リトルバスターズ!第17話「誰かにそばにいて欲しかったんだ」感想

litbus17

 

 いぃーやぁー! リトバス感想が遅れていてあたふた。最速放送ではもう葉留佳ルート終わっているというのに。何週遅れかで観ていらっしゃる方、また葉留佳編の復習をという方、ぜひ読んでみてください。

 

 

リトルバスターズは家

  ここまで「リトルバスターズ!」を観てきて思うに、リトルバスターズは言わば「家」なのです。

 

 小毬ちゃんの時は、傷ついた小毬ちゃんをみんなで介抱し、治してあげました。美魚の時は、迷子になった美魚を探し出し、連れ戻してきました。外で傷ついた人を迎え入れて手当し、いなくなった者は必死に探す。さながら恭介が父、理樹くんが母の「家」です。今回の葉留佳にとってもそうでした。

 

 「僕は妹に恋をする」でも扱われた、異父重複受精。現実世界でもポーランドなどで実際に起こっていることで、葉留佳と佳奈多はこれに該当する双子です。小さい頃から比べられて育ち、ことごとく「負け」続けた葉留佳は、犯罪者となった三枝晶の娘とされます。両親もおらず、幼い頃から誰一人味方がいなかった葉留佳。今回の事件で、またみんなが自分を軽蔑すると思い込みます。

 

 しかし、リトルバスターズの面々はそうではありませんでした。「お前が欠けたら困るんだ。俺達にはお前が必要だ」という恭介の言葉は、リトルバスターズの総意です。今まで自分しか自分を支える人がいなかった葉留佳が、初めて居場所を手に入れた瞬間でした。居場所とは、他の人がここにいていいと言ってくれる場所です。
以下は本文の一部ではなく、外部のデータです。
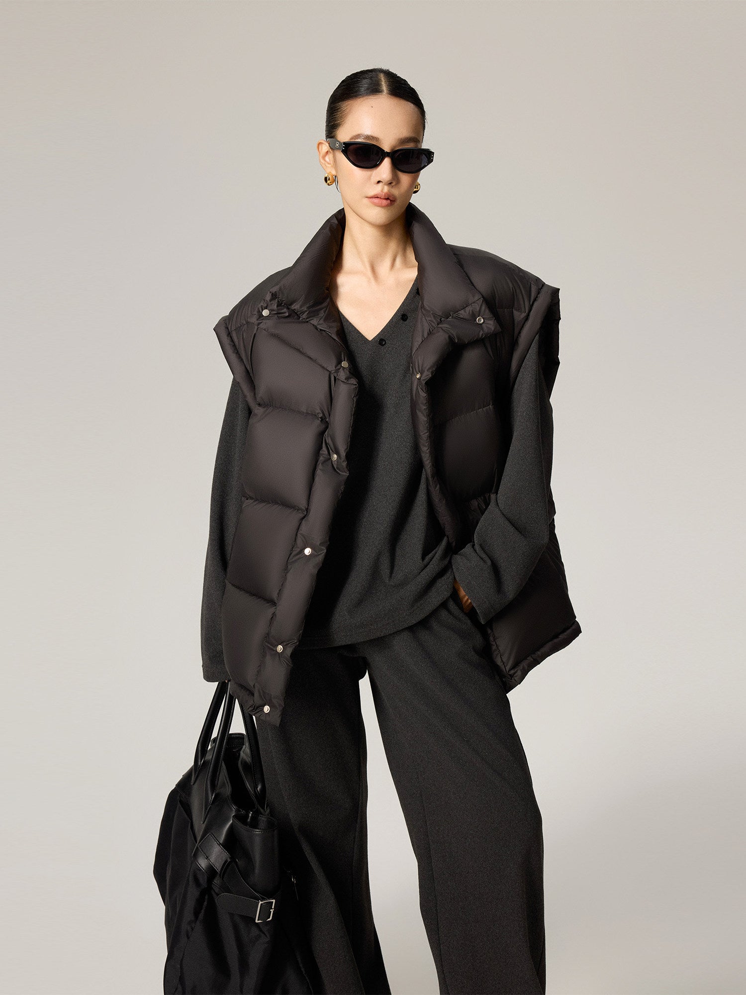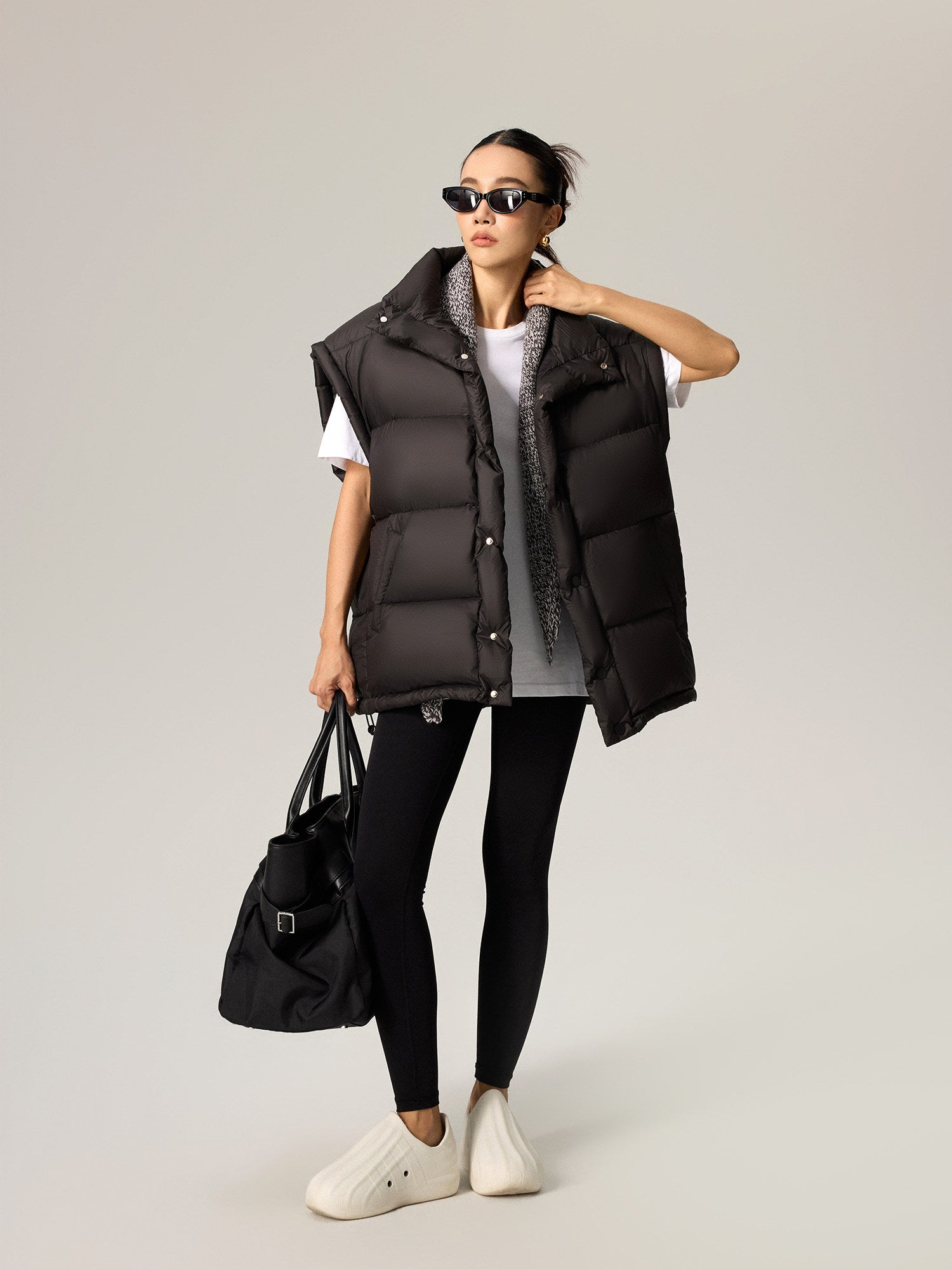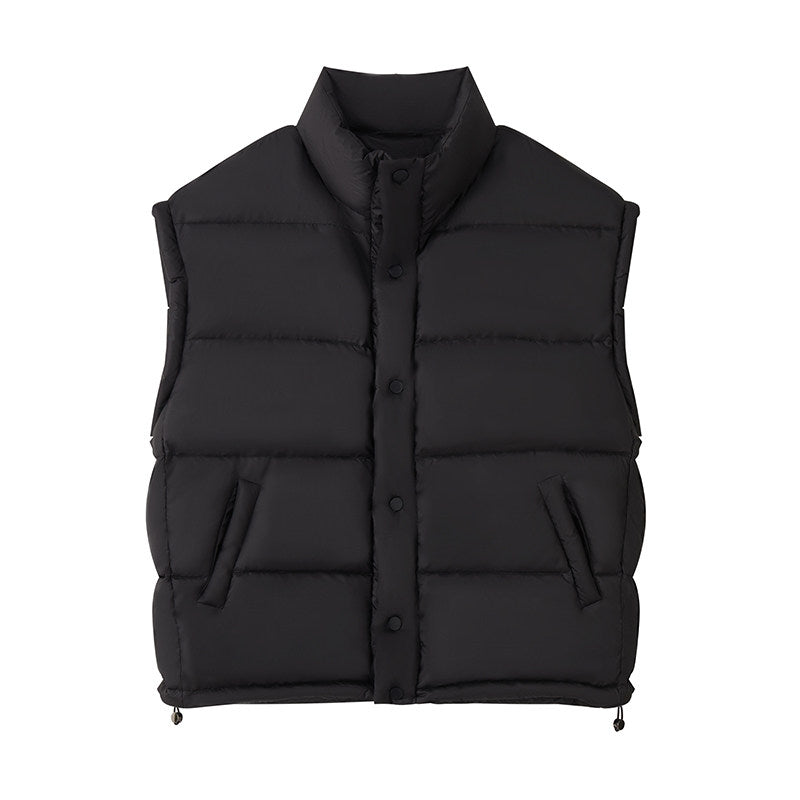 雲を纏うような“パフ”な膨らみと軽さを両立した、90%ホワイトダックダウン使用の中綿ダウンベスト。立体的に区切られたボリューム構造が身体を包み込みつつ、着膨れせずシャープなシルエットをキープします。アームホールを広めに取った設計で、スウェットやニットの上からも重ねやすく、インナー・アウター両対応。ヒップにかかる丈感で腰回りを自然にカバーし、タウンユースから移動・旅行まで幅広く活躍します。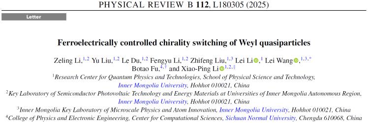 近日,我校物理科学与技术学院李小平研究员和王磊研究员在拓扑量子态的操控方面取得重要突破,相关成果以“Ferroelectrically controlled chirality switching of Weyl quasiparticles”为题,以Letter的形式发表于物理学科知名期刊 Physical Review B上。李小平研究员、王磊研究员与四川师范大学付波涛副教授为共同通讯作者,博士生李泽玲为第一作者,内蒙古大学为论文第一完成单位。

そのままの自分を受け入れてもらえる場所です。

 

 葉留佳がシフォンケーキを焼いている時に、陰口を叩かれるシーンが象徴的でした。陰口を言う女生徒へ威嚇する鈴を、「ちょーっとまったぁ!」と明るくなだめる葉留佳。他で何を言われようと、自分を肯定してくれる人たちがいる。だから、大丈夫。葉留佳は帰る「家」を手に入れたのです。

 

葉留佳と佳奈多の「家」

 帰るところがあるからこそ、一歩踏み出せる。これは誰でも同じですね。今まで耐えるばかりだった葉留佳は、三枝晶に会いに行こうと、恐らく人生で初めて核心に向かおうとします。

 

 居場所を手に入れたとはいえ、理不尽な扱いを受けていることに変わりはありません。ならば、そのような扱いを受ける理由が本当に自分にあるのか、知りたいと思うのは自然なこと。

 

 しかし、当の三枝晶は本当のことを教えてくれなかった。残る手がかりは、佳奈多だけ……。

 

 夜の校舎で出会った理樹に、佳奈多は問いかけます。「幸せの量は一定だと思う?」。この世の幸せと不幸の量は一定で、自分が不幸な分、誰かが幸せだと思ってしまう。

 

 これは葉留佳のことを暗に示しているのだと思います。幼少の頃から蔑まれ続けた葉留佳は、その分、佳奈多がいい思いをしていると思っている。本家に手厚く迎えられていると思っている。でも、実はそうではないと佳奈多は遠回しに言っています。敵をいくら作ろうが平気な強い佳奈多が、不器用に見せた弱音だったのかもしれません。

 

 「他人を救いたいなんて何様なのかしら」と佳奈多に言われた理樹があっさり引き下がったのも、ここが見えたからでしょう。つまり、佳奈多もまた、葉留佳と同じく「家」にがんじがらめにされている。リトルバスターズとは全く意味の違う「家」。それは、理樹がたった一人でどうにかできる相手ではないのです。

 

 しかし葉留佳も佳奈多も「家」を敵視しているのなら、お互いが望むものや感情に共通するものがあるのでは?
 というところでまた次回。そして佳奈多が葉留佳に変装することの真意とは!?
 佳奈多ががんばってあの声を出していると思うとちょっと可愛いぞ!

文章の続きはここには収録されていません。